Gold prices lose 1% as traders react to Fed policy

Oil futures finished higher as OPEC & its allies stressed the importance of full compliance with output cuts during their monthly meeting.  The oil producers (OPEC+) held a joint committee meeting via videoconference today to discuss their existing program of output cuts.  The group had previously pared record production cuts of 9.7M barrels per day to 7.7M barrels per day starting in Aug, but also said that countries that failed to previously meet their quota limits would be compensating for their overproduction.  The Joint Ministerial Monitoring Committee (JMMC) said it will recommend that the OPEC Conference approve an extension of the compensation mechanism, which was set to end in Sep, until the end of Dec.  The committee also pegged overall conformity among participating OPEC+ countries in the output cut agreement at 102% in Aug, including Mexico.  Saudi Arabia’s Minister of Energy Prince Abdulaziz bin Salman, who is also chair of the JMMC, stressed the need for all countries to full confirm to their production adjustments.  He also said that not fully conforming and then compensating at a later date should not become the norm.  The Intl Energy Agency this week reported that OPEC+ reached an overall compliance rate of 97% with the higher Aug supply targets versus 89% on the lower supply targets in Jul.  West Texas Intermediate crude for Oct climbed by 81¢ (2%) to settle at $40.97 a barrel.  Nov Brent crude added $1.08 (2.6%) to end at $43.30 a barrel.
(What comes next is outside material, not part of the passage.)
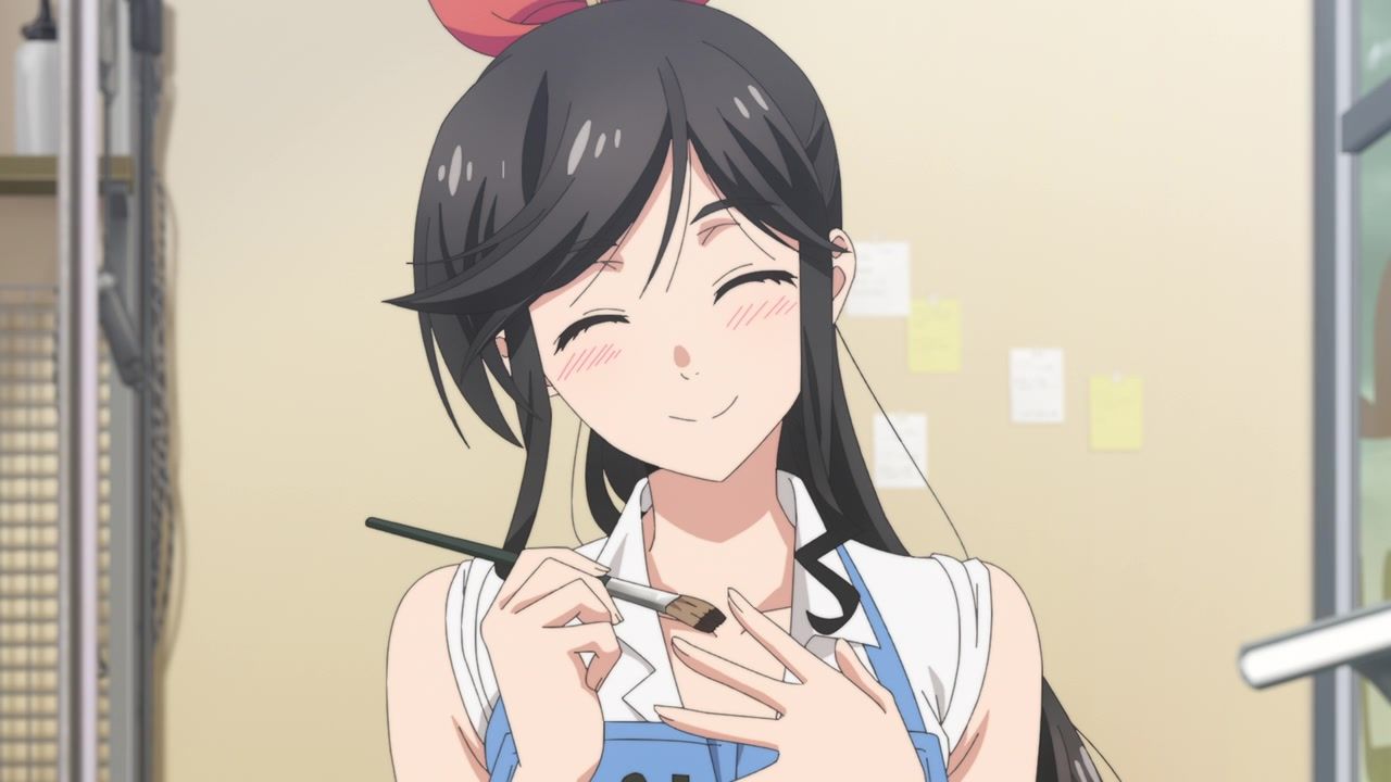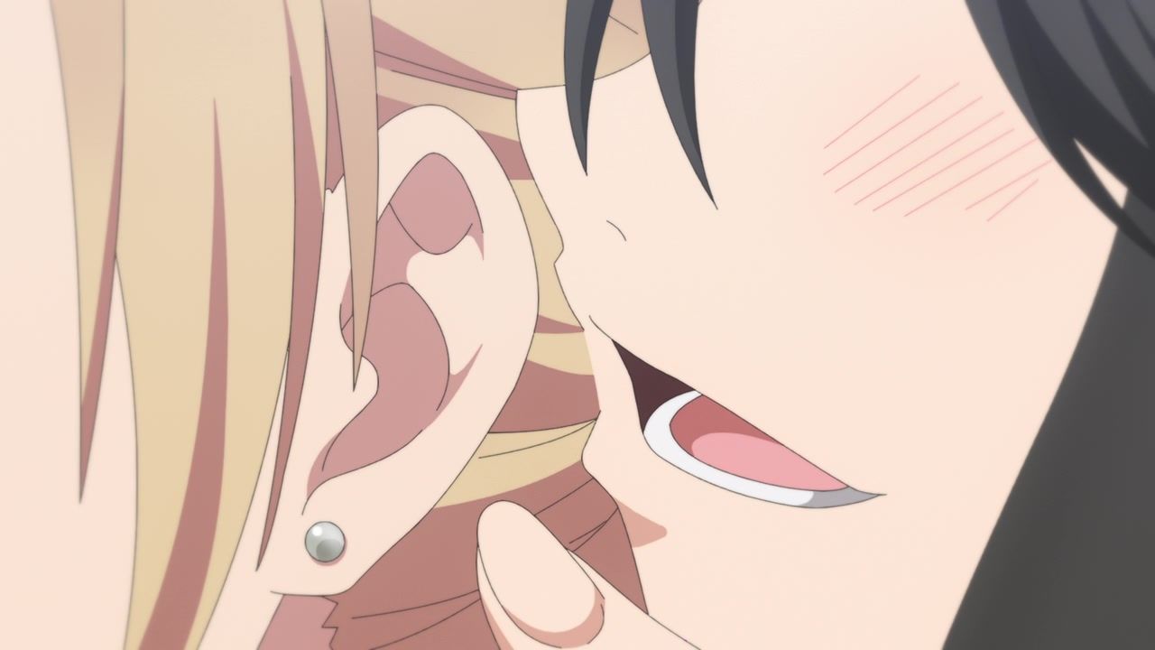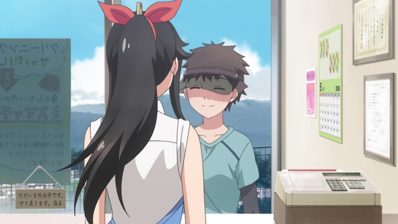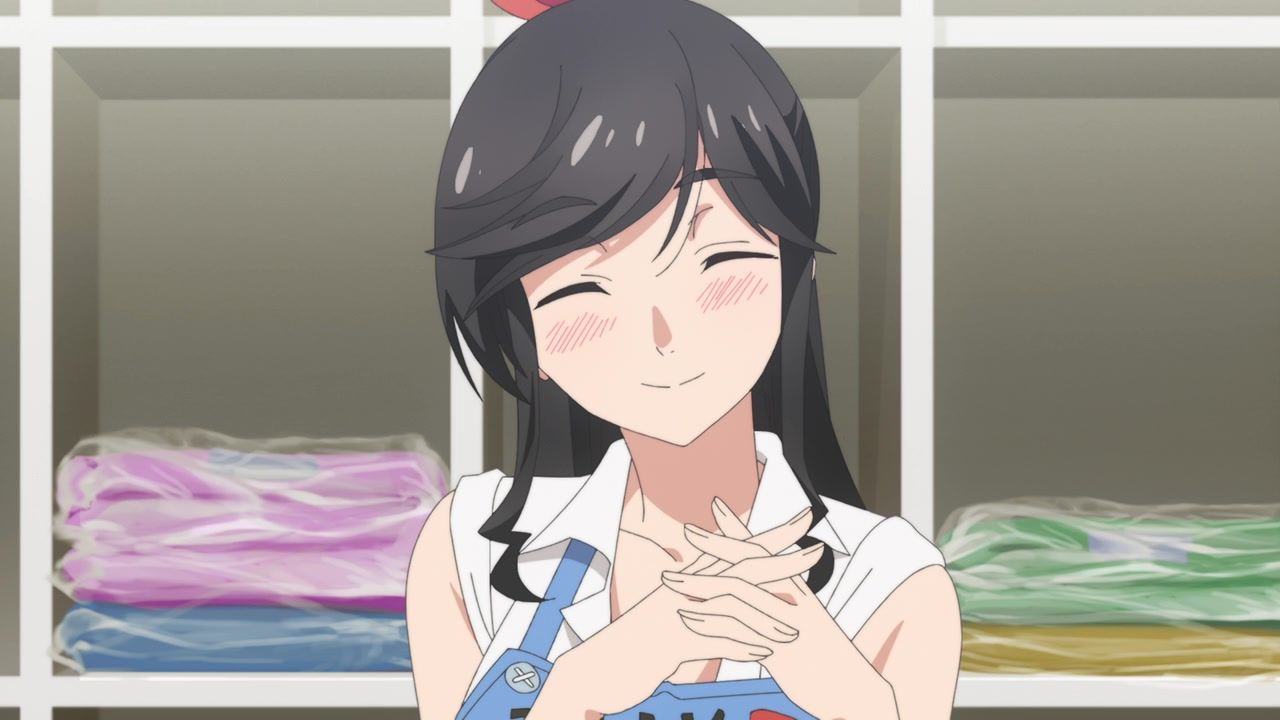 Yep. Certainly what I got from the manga. Random people stop by to announce what a well-adjusted and happy person she is, so she can smile and say “golly gee.” Or my favorites, the ones who show up to announce her backstory. I know when I go to the dry cleaner, the small talk I have with them is “Wow, you started this store two years ago, right? It sure has been two years.” The highlight of her day is when she runs into the local highschool boy so she can flirt with him. And go all out there. On her hands and knees, fixing his clothes, and then pulling down her apron so she can bend over and give him a full view of her cleavage. Not making the most convincing argument for just an innocent happy little show to end things. Also pretty certain half his lines were “Um” and “Uh.”

Oil prices finish higher as OPEC+ stresses full compliance with output cuts

Today traders were less impressed by what they heard from the Fed yesterday.  More dovish comments on the future of interest rates would have been appreciated.  In the early trading, the Dow sank & than rallied to about breakeven, not far from 28K.  Then sellers returned.  Buying in the last hour allowed the Dow to recover 200 off its lows.  But it still finished in the red.  The NAZ hasn't been able to find many fans in Sep.